Let $X_1$ and $X_2$ be independent random variables Let $Y_1 = X_1 + X_2$ and $Y2 = 2X_1-2X_2$, find covariance of $Y_1,Y_2$ 
Let $X_1$ and $X_2$ be independent random variables Let $Y_1 = X_1 + X_2$ and $Y_2 = 2X_1-2X_2$, find covariance of $Y_1,Y_2$

I tried simplifying the covariance equation into $$E[Y_1Y_2] - E[X_1]\cdot E[X_2]$$ I found the expected values of $x_1$ to be $0$ but I don't know how to find $E[Y_1Y_2]$. I tried simplifying it to: $$E[(2X_1-X_2) (X_1+X_2)]$$ but that didn't really help. Any help would be greatly appreciated. Thanks.
 A: $\newcommand{\v}{\operatorname{var}}\newcommand{\c}{\operatorname{cov}}$
\begin{align}
\c(Y_1,Y_2) & = \c(X_1+X_2, 2X_1-2X_2) \\[10pt]
& = \c(X_1,2X_1-2X_2) + \c(X_2, 2X_1-2X_2) \\[10pt]
& = \Big(\c(X_1,2X_1) + \c(X_1,-2X_2)\Big) +  \Big( \c(X_2,2X_1) + \c(X_2,-2X_2)\Big) \\[10pt]
& = 2\c(X_1,X_1)  - 2\c(X_1,X_2) + 2\c(X_2,X_1) - 2\c(X_2,X_2) \\[10pt]
& = 2\v(X_1) - 0 + 0 - 2\v(X_2). 
\end{align}
A: 
I tried simplifying the covariance equation into $$E[Y_1Y_2] - E[X_1]\cdot E[X_2]$$ I found the expected values of $x_1$ to be $0$ but I don't know how to find $E[Y_1Y_2]$. I tried simplifying it to: $$E[(2X_1-X_2) (X_1+X_2)]$$ but that didn't really help. Any help would be greatly appreciated.

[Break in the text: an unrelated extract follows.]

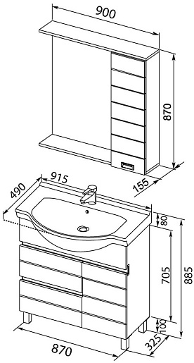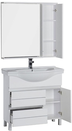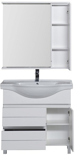 - Тумба с раковиной Aquanet Доминика 90 белая: раковина, дверца распашная - 1 шт., ящик выдвижной - 2 шт.

(You have the 2 in the wrong place.)
Well, doing it this way we get:
$$\def\Cov{\mathsf {Cov}}\def\E{\mathsf {E}}\def\Var{\mathsf {Var}} {\Cov(X_1+X_2,2X_1-2X_2) ~}{= 2\Cov(X_1+X_2,X_1-X_2) \\ =2 \Big(\E\big((X_1+X_2)(X_1-X_2)\big)-\E(X_1+X_2)\,\E(X_1-X_2)\Big) \\ = 2\big(\E(X_1^2)-\E(X_2^2)-\E(X_1)^2+\E(X_2)^2\big) \\ = 2\big(\Var(X_1)-\Var(X_2)\big) }$$
Which is the same result Michael Hardy obtained by no coincidence.

Remark: The independence of the random variables was not invoked, and is in fact not necessary for the result to hold.